> **TASK**:
A faithful, complete copy of the entries below is required, with images removed.

> **MATERIAL FOR THE TASK**:

=== Begin Enclosure ===

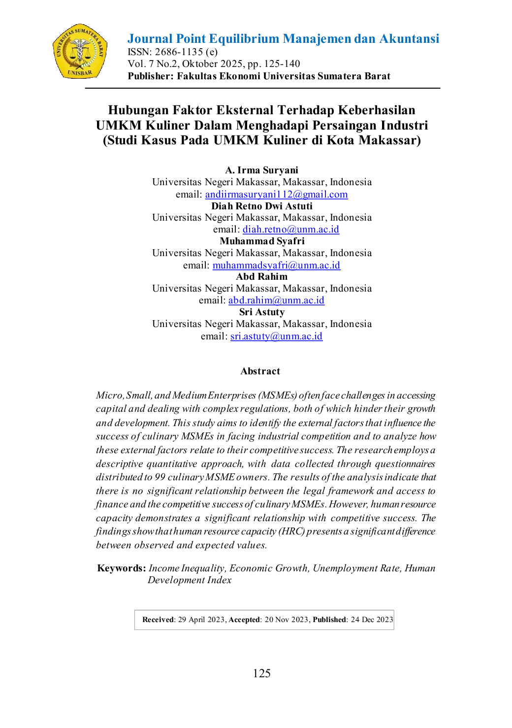One moment, please...One moment, please...Micro, Small, and Medium Enterprises (MSMEs) sering menghadapi tantangan dalam mengakses modal dan berurusan dengan peraturan yang kompleks, yang menghambat pertumbuhan dan perkembangan mereka. Penelitian ini bertujuan untuk mengidentifikasi faktor eksternal yang mempengaruhi keberhasilan UMKM kuliner dalam menghadapi persaingan industri dan menganalisis bagaimana faktor eksternal tersebut berhubungan dengan kesuksesan mereka dalam persaingan. Penelitian ini menggunakan pendekatan deskriptif kuantitatif, dengan data dikumpulkan melalui kuesioner yang didistribusikan kepada 99 pemilik UMKM kuliner. Hasil analisis menunjukkan bahwa tidak ada hubungan yang signifikan antara kerangka hukum dan akses ke pendanaan terhadap kesuksesan bersaing UMKM kuliner. Namun, kapasitas sumber daya manusia menunjukkan hubungan yang signifikan dengan kesuksesan bersaing. Temuan menunjukkan bahwa kapasitas sumber daya manusia (KSDM) menunjukkan perbedaan signifikan antara nilai observasi dan ekspektasi.
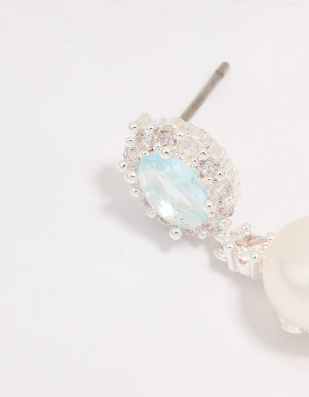 • Silver Plated Blue Cubic Zirconia Freshwater Pearl Halo Drop Earrings - link has visual effect only
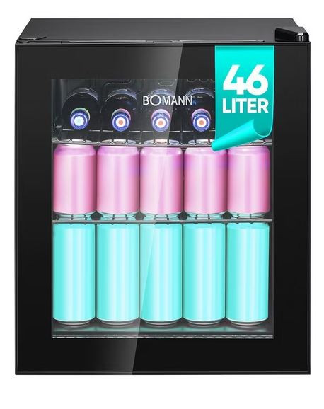 Nutzinhalt: 46 Liter, LED Innenraumbeleuchtung, separat schaltbar, Stufenlose Temperaturregelung, Temperaturbereich: +3°C ~ +18°C, 2 Gitterablagen, Getränkehalterungsbügel, Doppelverglaste Gerätetür mit schwarzem Rahmen und eingelassenem Handgriff, Türanschlag rechts, wechselbar, Justierbare Standfüße
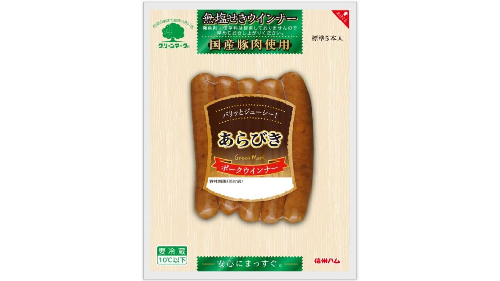 業務スーパーでは無添加ソーセージは見つかりませんでしたが、発色剤(亜硝酸ナトリウム)を使わない無塩せきソーセージなら購入可能です。
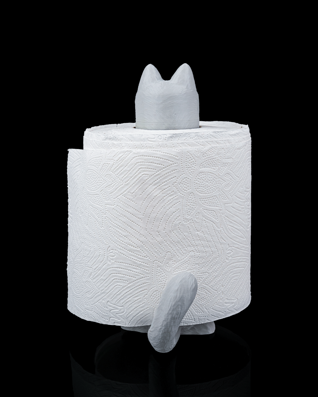 A morcos tekintetű, hosszúkás cica nem bújik el – ő maga tartja a WC papírt. A guriga a macska testén fut át, így a figura teljes egészében látható: karakteres fej, sárga, félig lehunyt szemek, tappancsok és a hátsó farokrész is része a látványnak.
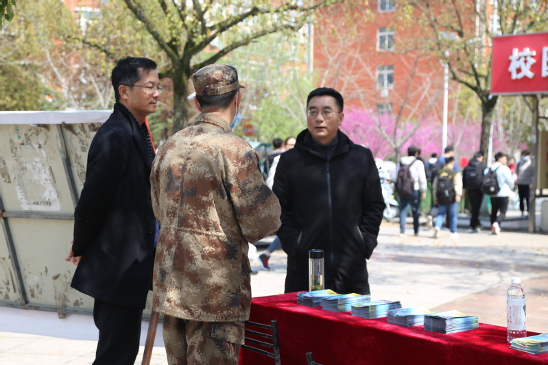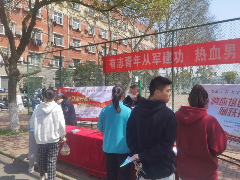 为贯彻落实上级部门有关征兵工作相关文件和会议精神,全面深入开展征兵宣传活动,进一步激发我校学生参军报国、携笔从戎的热情,3月24日,学校组织开展2021年征兵现场咨询活动,分别在一食堂、三食堂和五食堂广场设立咨询点,校党委常委、副校长郑健和鸠江区人武部政委程诚在现场亲自指导,校武装部、鸠江区人武部、校园警务站和国防教育协会为广大学生开展现场咨询。
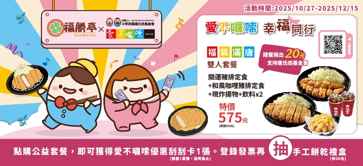 自 2025 年 10 月 27 日起至 2025 年 12 月 15 日止,福勝亭攜手唐氏症基金會推動「愛不囉嗦,幸福同行」公益活動。活動期間於全台福勝亭門市推出「福氣滿唐 雙人套餐」,每售出一套公益套餐,福勝亭即隨餐捐贈新台幣 20 元予唐氏症基金會,支持其就業培訓與早期療育服務,讓消費者的味蕾享受轉化為溫暖的社會助力。
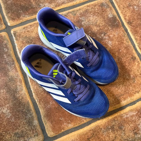 Adidas joggesko for barn i størrelse 35. Modellen er unisex og har overdel i pustende tekstil i hvit farge med svarte og oransje detaljer. Skoene har snøring for justerbar passform og yttersåle i gummi med godt mønster for grep. Innleggssålen er merket med «End Plastic Waste». Egnet som hverdagssko eller til lett trening for barn.
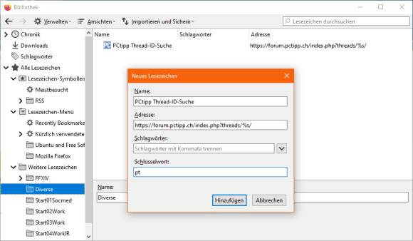 Mozilla Firefox bietet eine nützliche Schlüsselwort-Funktion. Die hilft Ihnen auch beim Aktualisieren alter Bookmarks – zum Beispiel aus dem PCtipp-Forum.
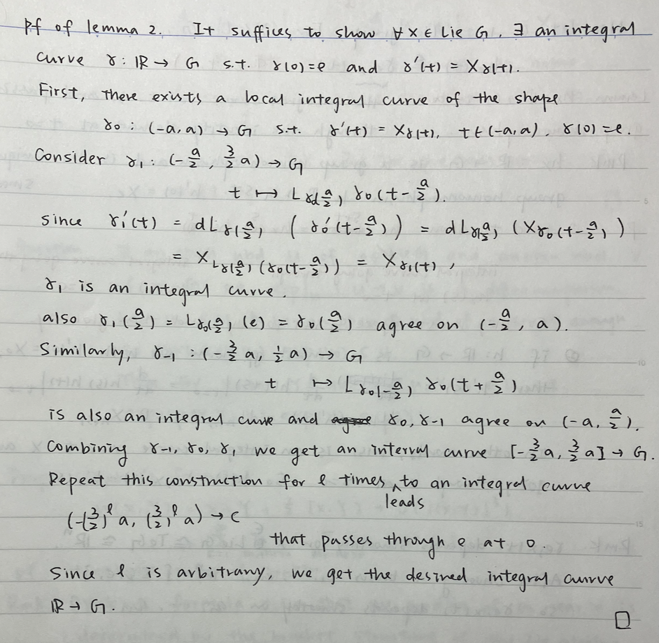 \begin{proof} Firstly, we need to show . Since both of them are integral curves going through at , they agree on by previous lemma. To show the uniqueness, suppose is a smooth group homomorphism with . Then \begin{align}
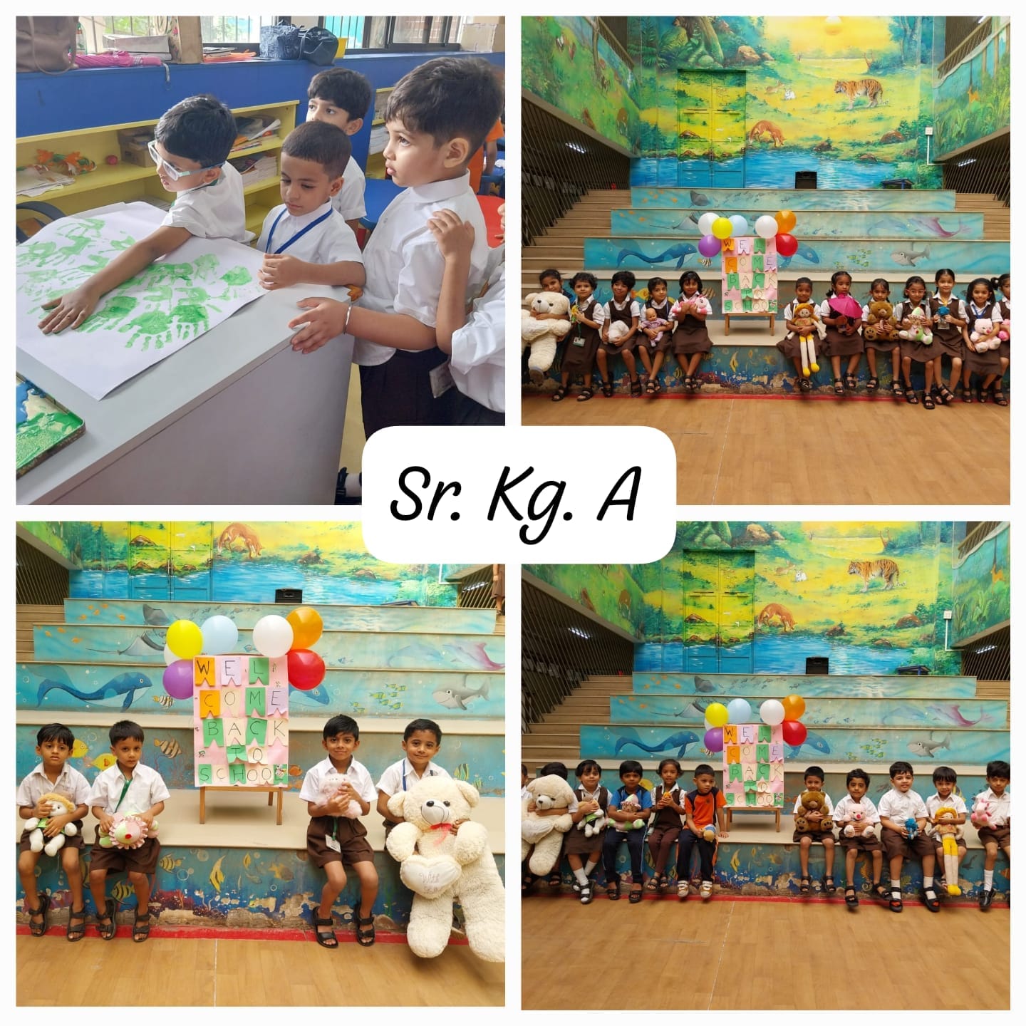 The school buzzed with excitement as children returned after the summer break, filling the hallways with laughter and happy voices. Teachers greeted them in the classrooms with cheerful smiles, high fives and warm loving hugs. To make the first day even more special, a fun group activity was held that encouraged values like teamwork, sharing, and supporting one another. The day’s highlight was the vibrant welcome display where children enjoyed taking photos with their friends, creating joyful memories to start the new school year. Our Senior KG students had a blast making their mark with the palm printing group activity showcasing their creativity and created a colourful memory to cherish..! ��
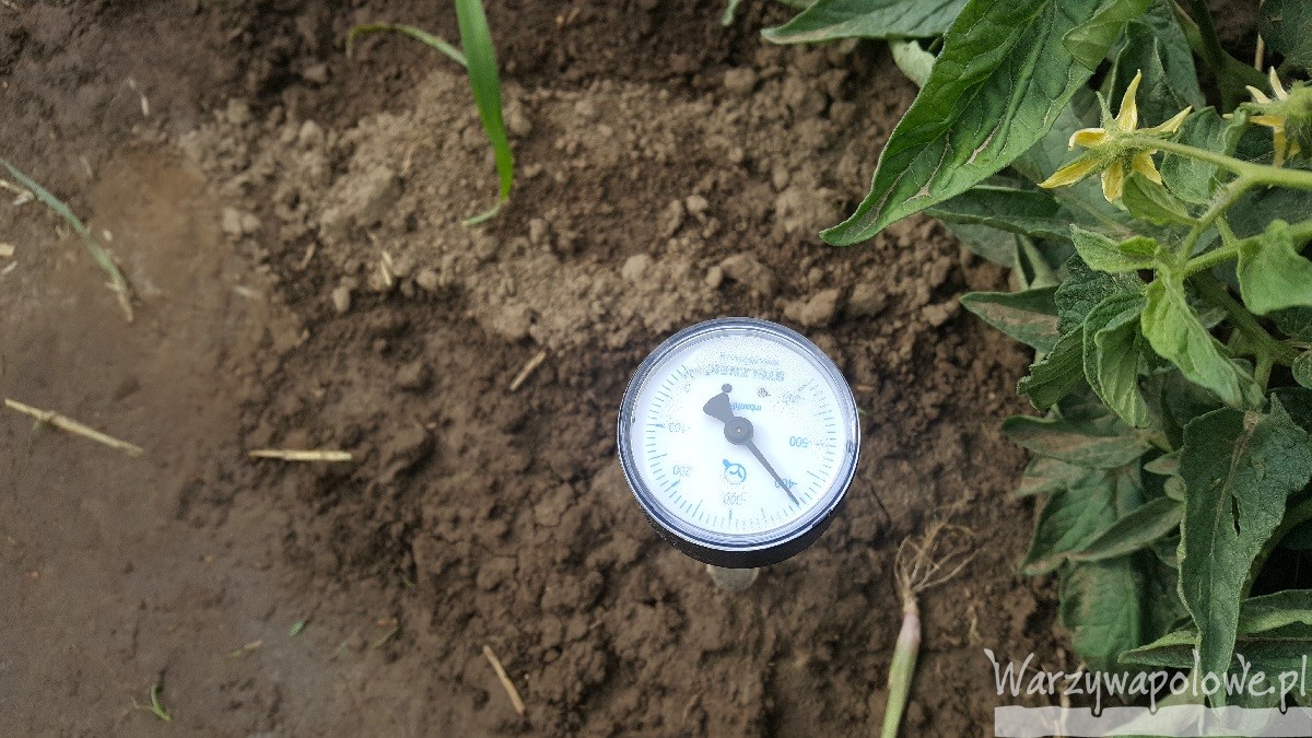 Do nawożenia używano ponadto instalacji z nawadnianiem kroplowym (fot. 1). Potrzeby irygacji kontrolowano za pomocą tensjometru (fot. 2). Przy takiej pogodzie przesuszenie gleby mogło doprowadzić do jej nieodwracalnego zaskorupienia i negatywnie odbić się na wysokości plonu, a także na jego jakości, pośrednio przyczyniając się do wystąpienia suchej zgnilizny wierzchołkowej (fot. 3). To zaburzenie fizjologiczne często występowało głównie na pierwszych owocach zwłaszcza tam, gdzie rolnicy nie radzili sobie z systematycznym nawadnianiem. Na opisywanej plantacji 2 i 3 tygodnie po posadzeniu rozsady podano Kristalon Żółty (3 kg/ha), a w 5. tygodniu po posadzeniu Brassitrel Pro (3 l/ha). Zabieg wykonano w połączeniu z fungicydem na krótko przed kwitnieniem. Warto przypomnieć, że mieszalność produktów YaraVita ze środkami ochrony roślin można sprawdzić na stronie http://www.tankmix.com (jest tam również dostępna wersja polskojęzyczna).
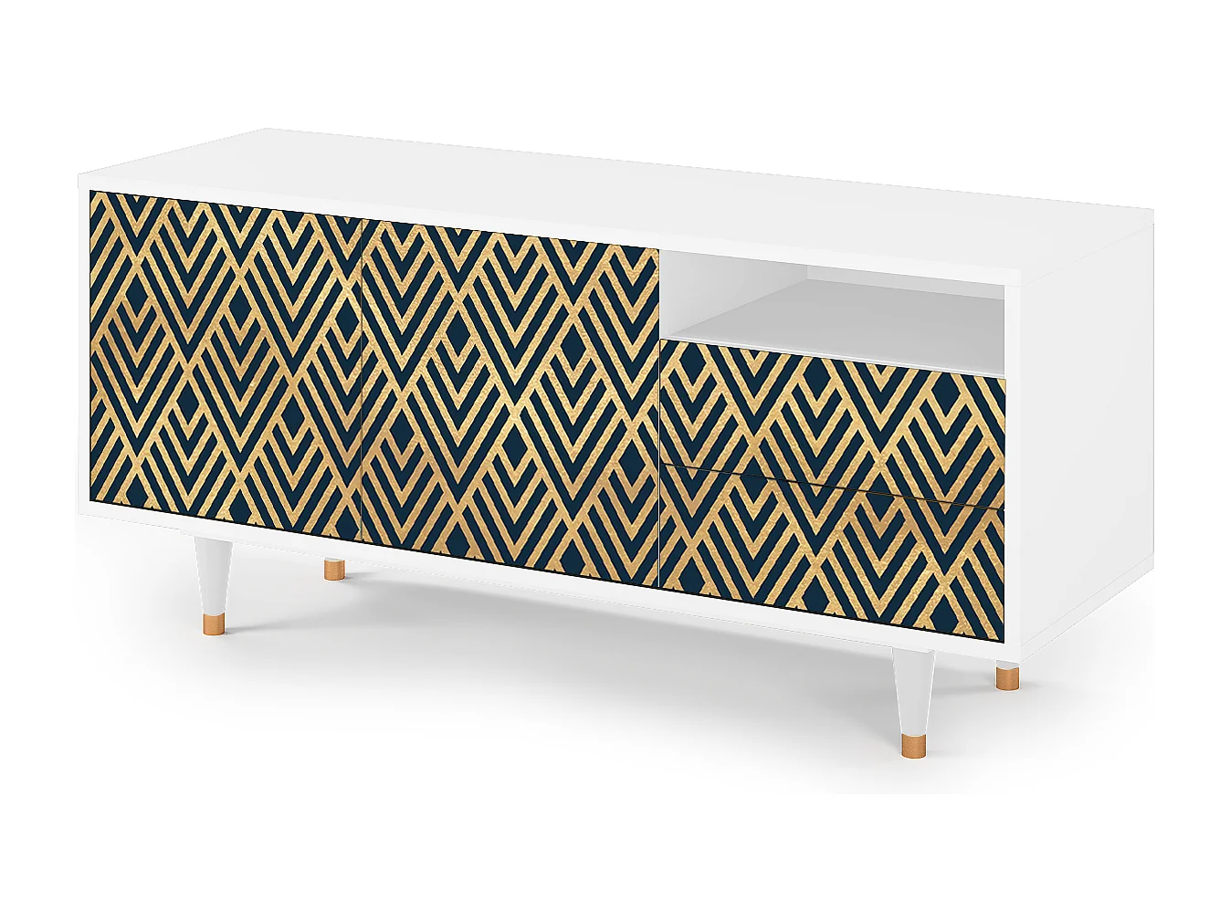 Meuble TV - 125х56х41 cm - T7 - Egypt Triangles, Blanc
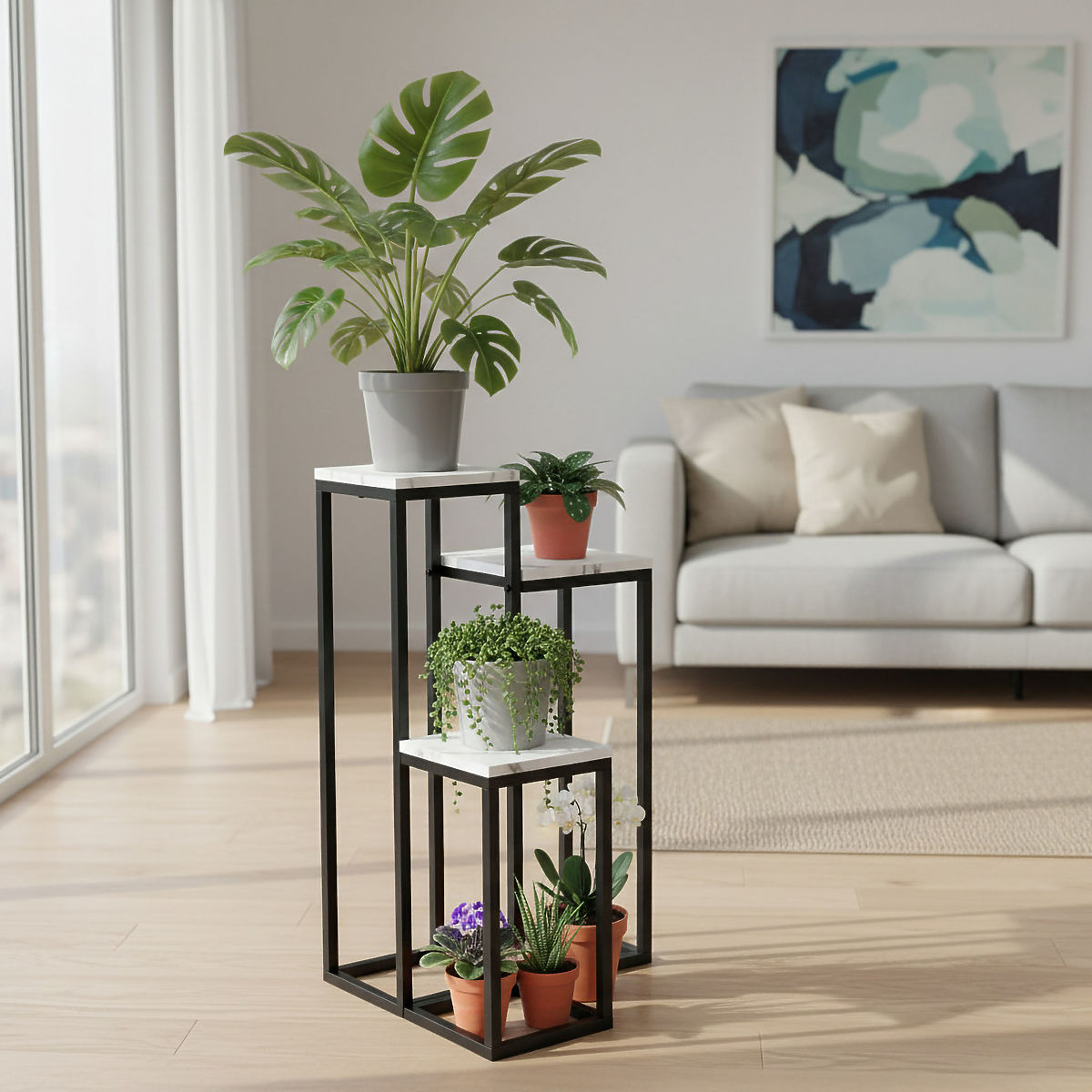 Stojak na kwiaty Munir Biały Marmur to elegancki i funkcjonalny dodatek, który odmieni Twoje wnętrze. Dzięki trzem poziomom zyskasz więcej miejsca na rośliny, dekoracje i dodatki, a jednocześnie porządek i estetykę w domu. Minimalistyczny design z efektem białego marmuru i stabilną, metalową podstawą w czarnym kolorze sprawia, że stojak jest idealny do nowoczesnych, loftowych i klasycznych aranżacji.

=== End Enclosure ===

> **EXERCISE OUTPUT**:
One moment, please...One moment, please...Micro, Small, and Medium Enterprises (MSMEs) sering menghadapi tantangan dalam mengakses modal dan berurusan dengan peraturan yang kompleks, yang menghambat pertumbuhan dan perkembangan mereka. Penelitian ini bertujuan untuk mengidentifikasi faktor eksternal yang mempengaruhi keberhasilan UMKM kuliner dalam menghadapi persaingan industri dan menganalisis bagaimana faktor eksternal tersebut berhubungan dengan kesuksesan mereka dalam persaingan. Penelitian ini menggunakan pendekatan deskriptif kuantitatif, dengan data dikumpulkan melalui kuesioner yang didistribusikan kepada 99 pemilik UMKM kuliner. Hasil analisis menunjukkan bahwa tidak ada hubungan yang signifikan antara kerangka hukum dan akses ke pendanaan terhadap kesuksesan bersaing UMKM kuliner. Namun, kapasitas sumber daya manusia menunjukkan hubungan yang signifikan dengan kesuksesan bersaing. Temuan menunjukkan bahwa kapasitas sumber daya manusia (KSDM) menunjukkan perbedaan signifikan antara nilai observasi dan ekspektasi.
 • Silver Plated Blue Cubic Zirconia Freshwater Pearl Halo Drop Earrings - link has visual effect only
 Nutzinhalt: 46 Liter, LED Innenraumbeleuchtung, separat schaltbar, Stufenlose Temperaturregelung, Temperaturbereich: +3°C ~ +18°C, 2 Gitterablagen, Getränkehalterungsbügel, Doppelverglaste Gerätetür mit schwarzem Rahmen und eingelassenem Handgriff, Türanschlag rechts, wechselbar, Justierbare Standfüße
 業務スーパーでは無添加ソーセージは見つかりませんでしたが、発色剤(亜硝酸ナトリウム)を使わない無塩せきソーセージなら購入可能です。
 A morcos tekintetű, hosszúkás cica nem bújik el – ő maga tartja a WC papírt. A guriga a macska testén fut át, így a figura teljes egészében látható: karakteres fej, sárga, félig lehunyt szemek, tappancsok és a hátsó farokrész is része a látványnak.
 为贯彻落实上级部门有关征兵工作相关文件和会议精神,全面深入开展征兵宣传活动,进一步激发我校学生参军报国、携笔从戎的热情,3月24日,学校组织开展2021年征兵现场咨询活动,分别在一食堂、三食堂和五食堂广场设立咨询点,校党委常委、副校长郑健和鸠江区人武部政委程诚在现场亲自指导,校武装部、鸠江区人武部、校园警务站和国防教育协会为广大学生开展现场咨询。
 自 2025 年 10 月 27 日起至 2025 年 12 月 15 日止,福勝亭攜手唐氏症基金會推動「愛不囉嗦,幸福同行」公益活動。活動期間於全台福勝亭門市推出「福氣滿唐 雙人套餐」,每售出一套公益套餐,福勝亭即隨餐捐贈新台幣 20 元予唐氏症基金會,支持其就業培訓與早期療育服務,讓消費者的味蕾享受轉化為溫暖的社會助力。
 Adidas joggesko for barn i størrelse 35. Modellen er unisex og har overdel i pustende tekstil i hvit farge med svarte og oransje detaljer. Skoene har snøring for justerbar passform og yttersåle i gummi med godt mønster for grep. Innleggssålen er merket med «End Plastic Waste». Egnet som hverdagssko eller til lett trening for barn.
 Mozilla Firefox bietet eine nützliche Schlüsselwort-Funktion. Die hilft Ihnen auch beim Aktualisieren alter Bookmarks – zum Beispiel aus dem PCtipp-Forum.
 \begin{proof} Firstly, we need to show . Since both of them are integral curves going through at , they agree on by previous lemma. To show the uniqueness, suppose is a smooth group homomorphism with . Then \begin{align}
 The school buzzed with excitement as children returned after the summer break, filling the hallways with laughter and happy voices. Teachers greeted them in the classrooms with cheerful smiles, high fives and warm loving hugs. To make the first day even more special, a fun group activity was held that encouraged values like teamwork, sharing, and supporting one another. The day’s highlight was the vibrant welcome display where children enjoyed taking photos with their friends, creating joyful memories to start the new school year. Our Senior KG students had a blast making their mark with the palm printing group activity showcasing their creativity and created a colourful memory to cherish..! ��
 Do nawożenia używano ponadto instalacji z nawadnianiem kroplowym (fot. 1). Potrzeby irygacji kontrolowano za pomocą tensjometru (fot. 2). Przy takiej pogodzie przesuszenie gleby mogło doprowadzić do jej nieodwracalnego zaskorupienia i negatywnie odbić się na wysokości plonu, a także na jego jakości, pośrednio przyczyniając się do wystąpienia suchej zgnilizny wierzchołkowej (fot. 3). To zaburzenie fizjologiczne często występowało głównie na pierwszych owocach zwłaszcza tam, gdzie rolnicy nie radzili sobie z systematycznym nawadnianiem. Na opisywanej plantacji 2 i 3 tygodnie po posadzeniu rozsady podano Kristalon Żółty (3 kg/ha), a w 5. tygodniu po posadzeniu Brassitrel Pro (3 l/ha). Zabieg wykonano w połączeniu z fungicydem na krótko przed kwitnieniem. Warto przypomnieć, że mieszalność produktów YaraVita ze środkami ochrony roślin można sprawdzić na stronie http://www.tankmix.com (jest tam również dostępna wersja polskojęzyczna).
 Meuble TV - 125х56х41 cm - T7 - Egypt Triangles, Blanc
 Stojak na kwiaty Munir Biały Marmur to elegancki i funkcjonalny dodatek, który odmieni Twoje wnętrze. Dzięki trzem poziomom zyskasz więcej miejsca na rośliny, dekoracje i dodatki, a jednocześnie porządek i estetykę w domu. Minimalistyczny design z efektem białego marmuru i stabilną, metalową podstawą w czarnym kolorze sprawia, że stojak jest idealny do nowoczesnych, loftowych i klasycznych aranżacji.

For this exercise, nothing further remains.